His business card was straight and to the point: Ben Messick: Artist​. During the Great Depression, he lived in the neighborhood near MacArthur Park in Los Angeles – then, as now, a lower and middle class area with an especially vibrant and multi­ethnic street life. He divided his time between his tumbledown apartment/studio and the parks, dance halls, circuses, and bars of downtown Los Angeles. His love for the city and its people was evident in every work he ever did. If his portrayals of Los Angelenos were sympathetic, they weren’t soft. Some of his works had a satiric edge, leading one art critic to declare him the “American Daumier.”

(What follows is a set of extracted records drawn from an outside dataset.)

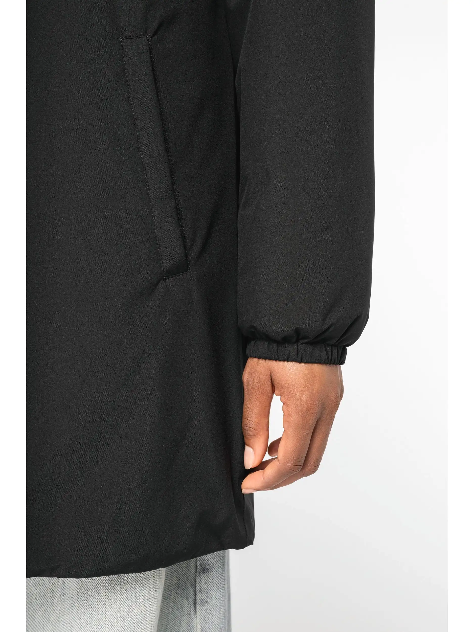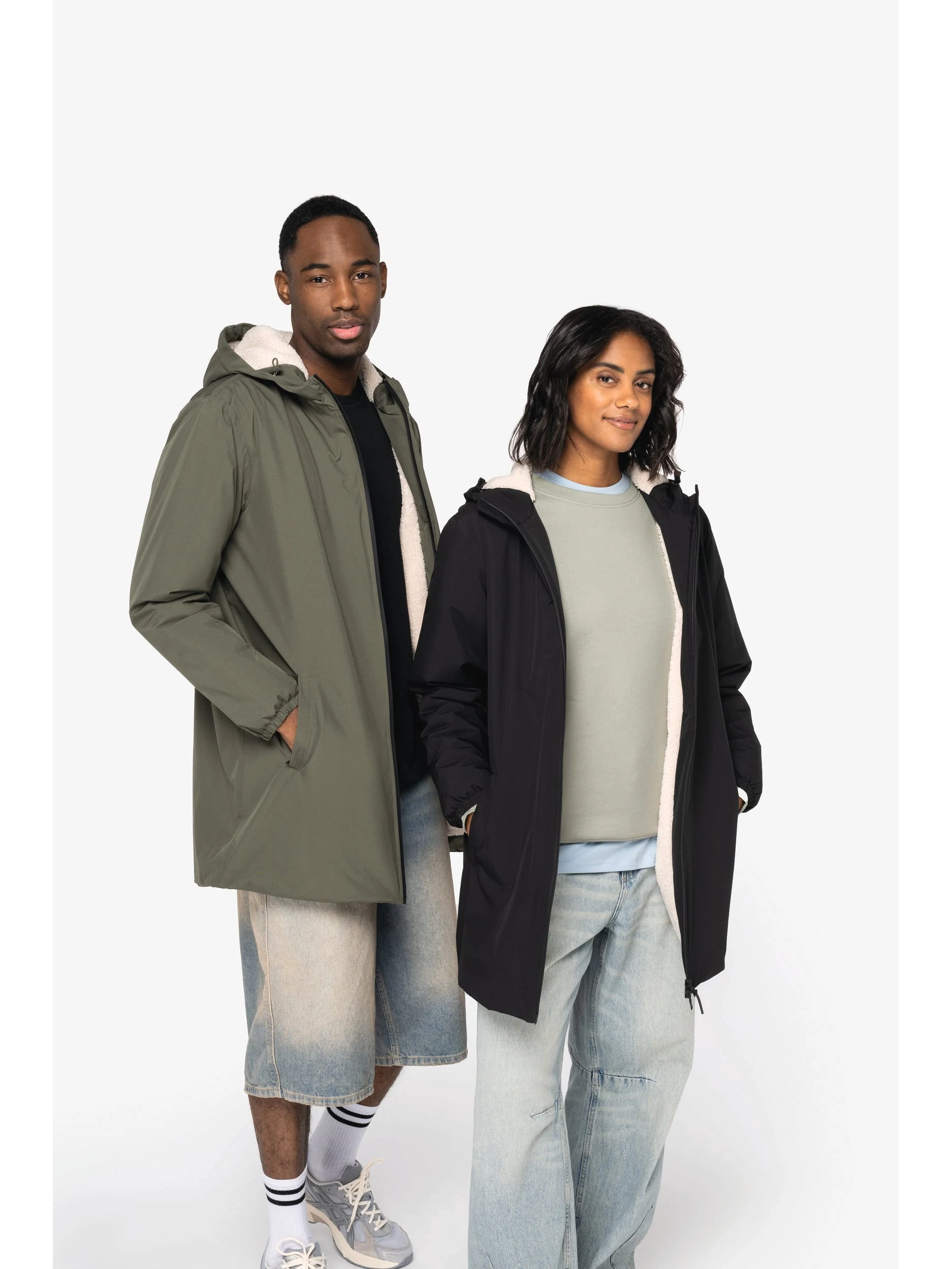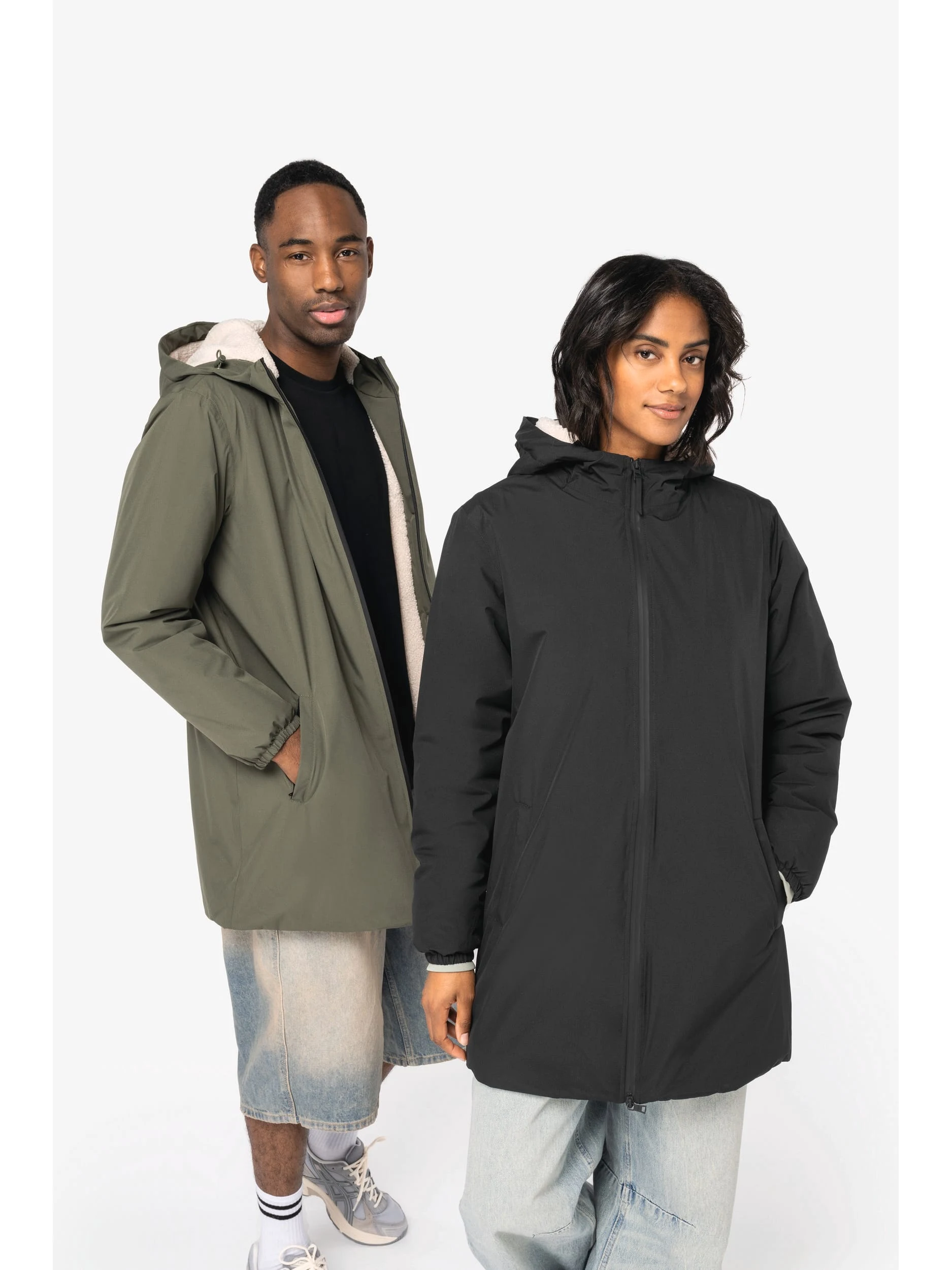 100% polyester recyclé post-consumer. Coupe standard. Imperméable 4000mm. Respirant 3000 g/m²/24h. Produit doublé en sherpa écru sur toutes les couleurs, capuche et corps. Manches doublées en taffetas 210T écru sur toutes les couleurs et rembourrées. Zip imperméable recyclé avec double tire-zip en métal recyclé. Parmenture en finition intérieure en tissu principal. Deux poches côtés passepoilées avec zip inversé. Capuche 3 panneaux avec cordon de serrage et stoppeurs recyclés intérieurs. Bas de manches élastiqués. Poche passepoilée intérieure côté cœur. Patch de personnalisation intérieur en tissu principal. Zip de personnalisation poitrine et bas de vêtement. Tissu avec membrane intérieure et coutures thermo soudées permettant au produit d’être imperméable.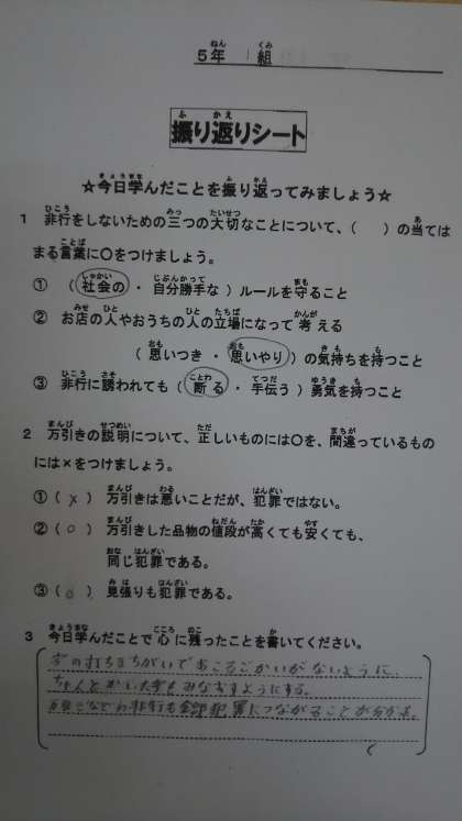 5年生「非行防止教室」の出前授業がありました。非行をしないための三つの大切なことについて学習しました。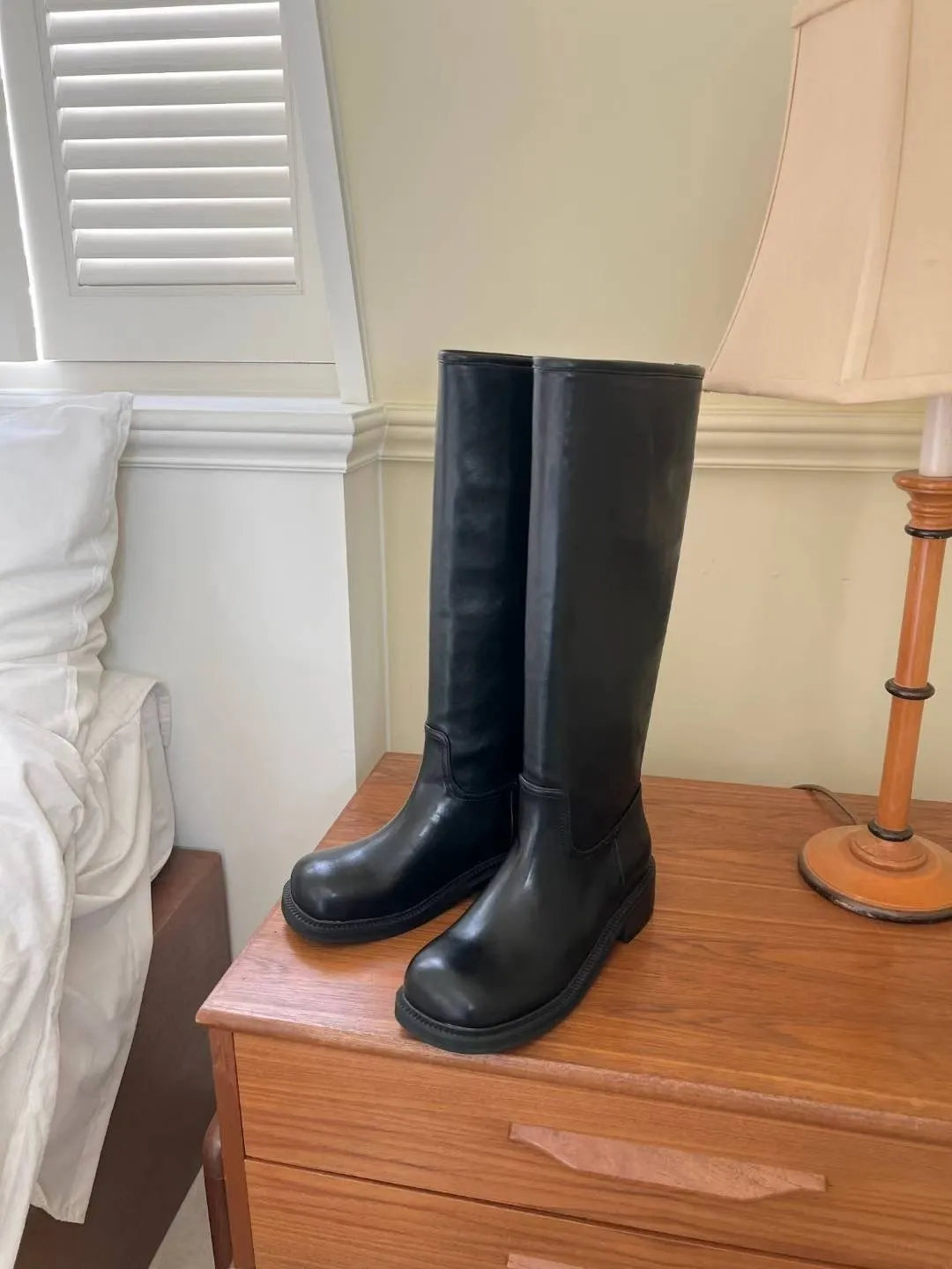 A16 1216亮面皮革方頭高筒靴(230-250)3217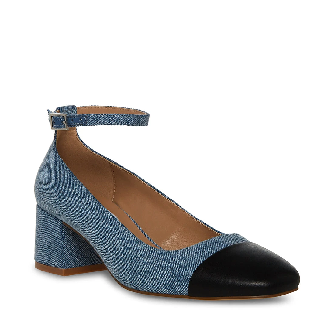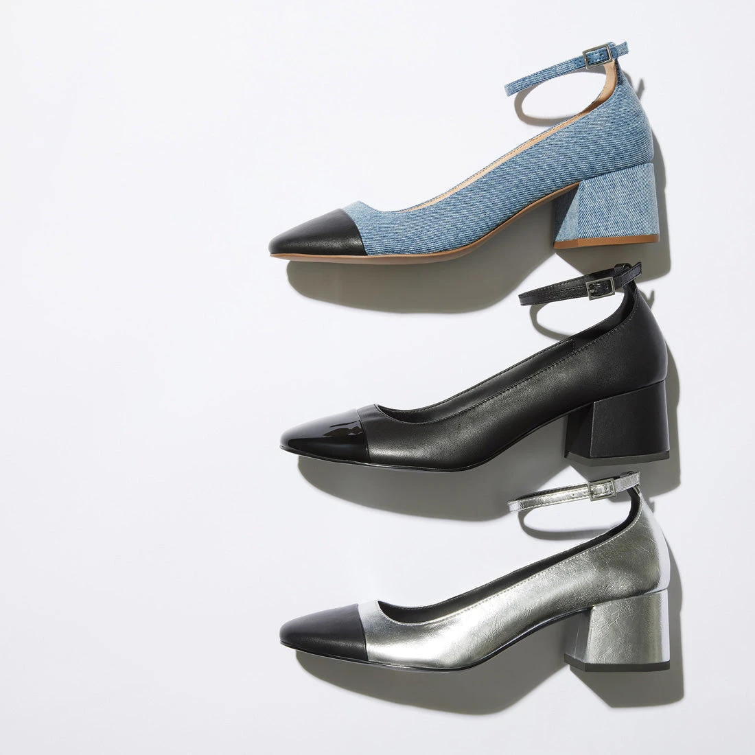 The ELI pump is set on an easy block heel and secured with a slender ankle strap, with a contrasting toe cap finishing this sleek look.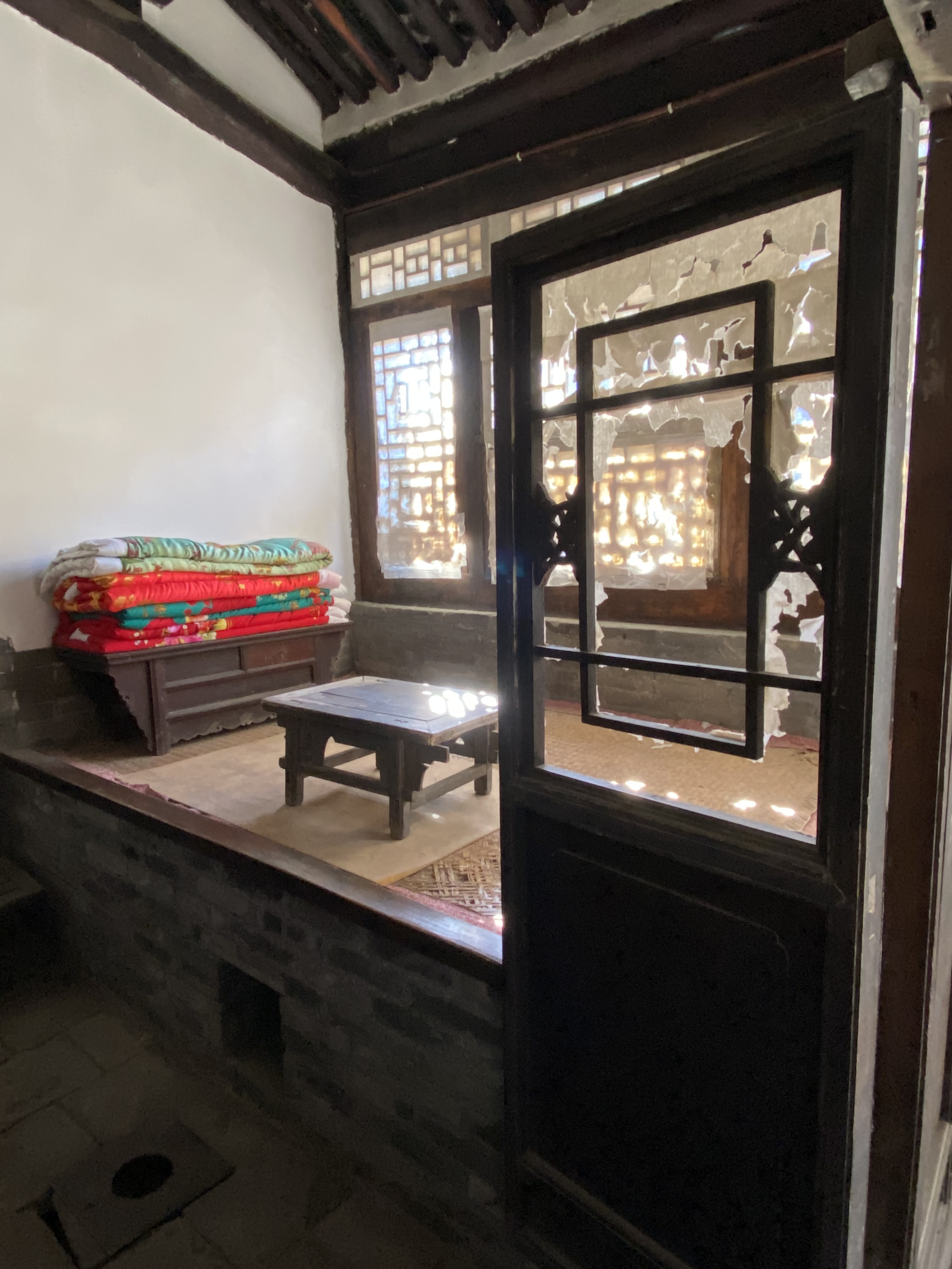 Nous visitons la plus belle maison du village, 大五间 (Dawujian, littéralement, la maison à cinq pièces). Elle me fait beaucoup penser à ce que j’ai vu à Pingyao, avec son ossature de bois ouvragé.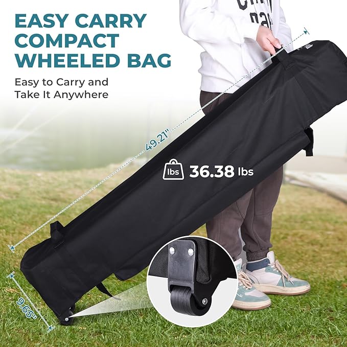 - ULTIMATE PORTABILITY: Our beach canopy comes with a wheeled storage bag (weighing only 36.38 pounds). Whether you're going camping in the countryside, having a beach vacation, or having a picnic in an urban park, you can easily drag it and reach your destination effortlessly. Say goodbye to the trouble of carrying heavy loads and enjoy a convenient trip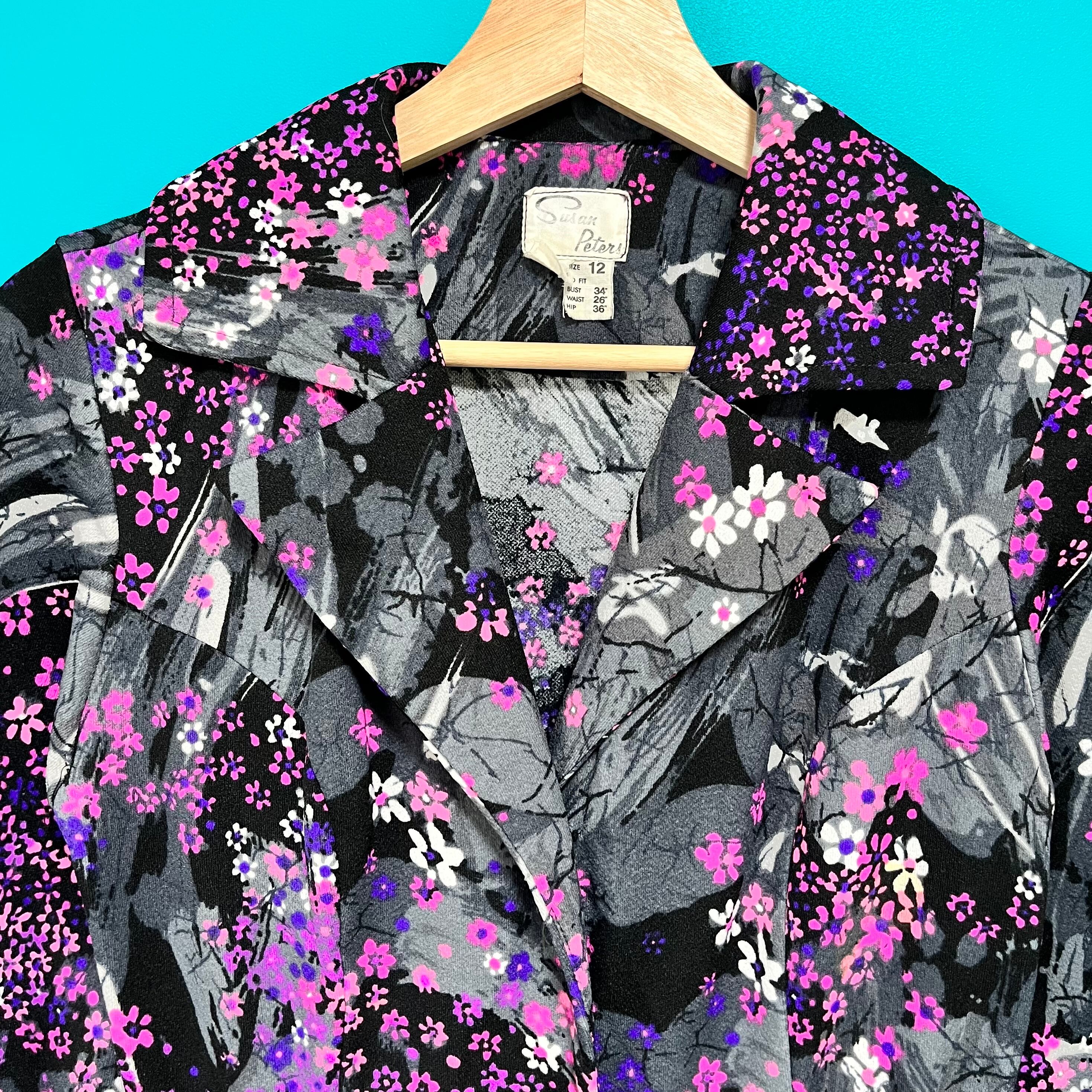 黒とグレーのマダラ模様の上にピンクのお花が咲いた珍しい柄の70sマキシワンピースです。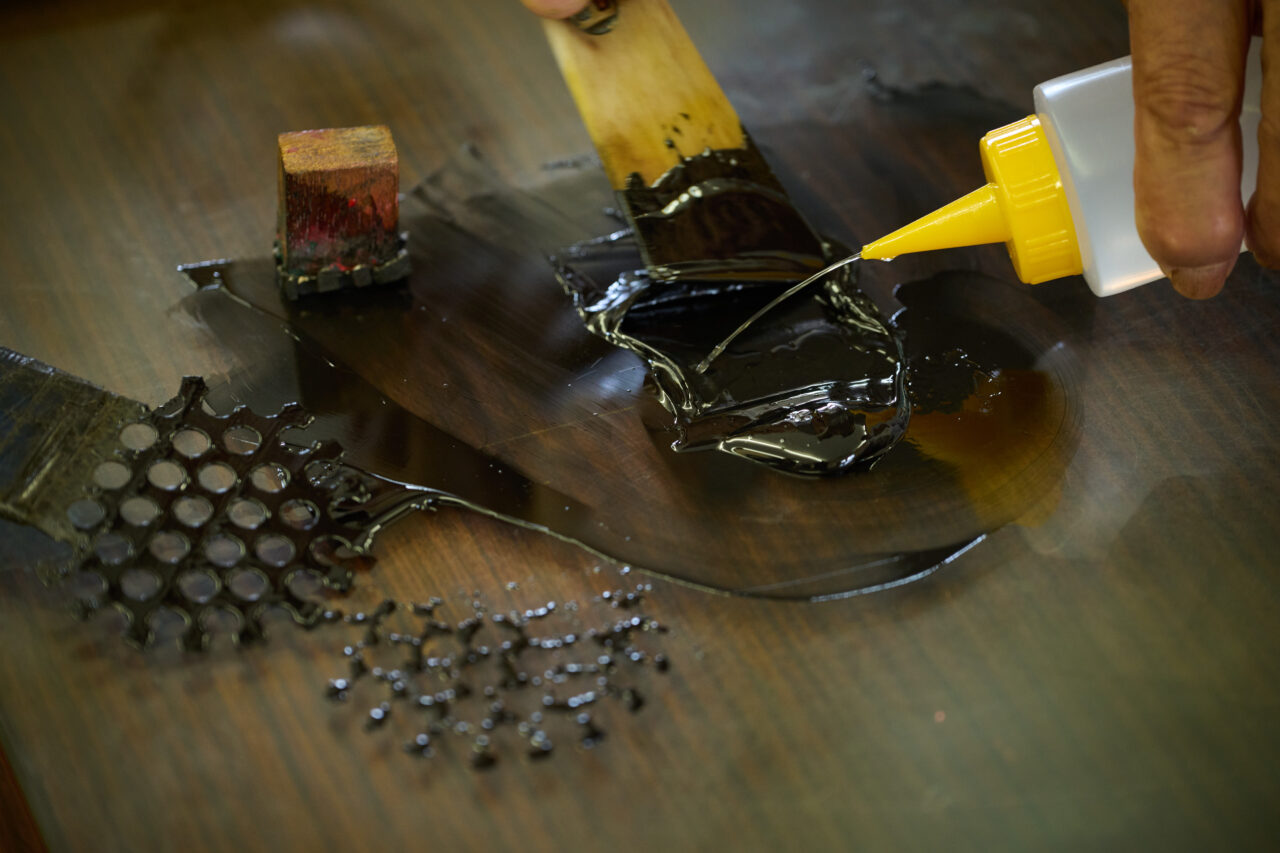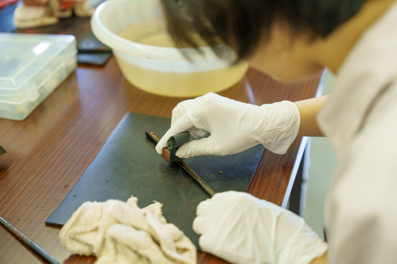 ④盛皿の研ぎ出し体験と仕上げ研ぎ・炭はぎ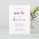 Invitez aimé à assister à votre jour spécial avec nos invitations de mariage de simplicité. Les invitations de mariage de minimaliste combinent la calligraphie élégante avec un modèle de couleurs pourpre et blanc de prune. Personnalisez les invitations de mariage avec vos détails de mariage.

Benjamin Newton Messick was born in the Ozarks in Missouri. His father was a dreamer with a country store, where the young artist learned to observe and love the people who came by to jaw and do business. He served in the Army in World War I before moving to Los Angeles and enrolling at the Chouinard Art Institute in 1925. While there, he roomed with another famous California Scene painter, Phil Paradise (1905­1997). His long­time friend and artist Fred Penney (1900­1988) lived next door and Phil Dike (1906­1990), one of the key California watercolorists lived downstairs. Messick would go on to teach at Chouinard as well as at Disney and M.G.M., but his finances were shaky at best through most of the 30s and 40s. From 1937 through 1940, he was represented at the storied Stendahl Gallery in Los Angeles, and his lithographs enjoyed national acclaim through exhibition at such prestigious venues as the Smithsonian, the Pennsylvania Academy, and the Nelson Atkins. Today, his work is held in numerous museum collections and his images of California and Missouri during the Depression are considered vital documents of the era.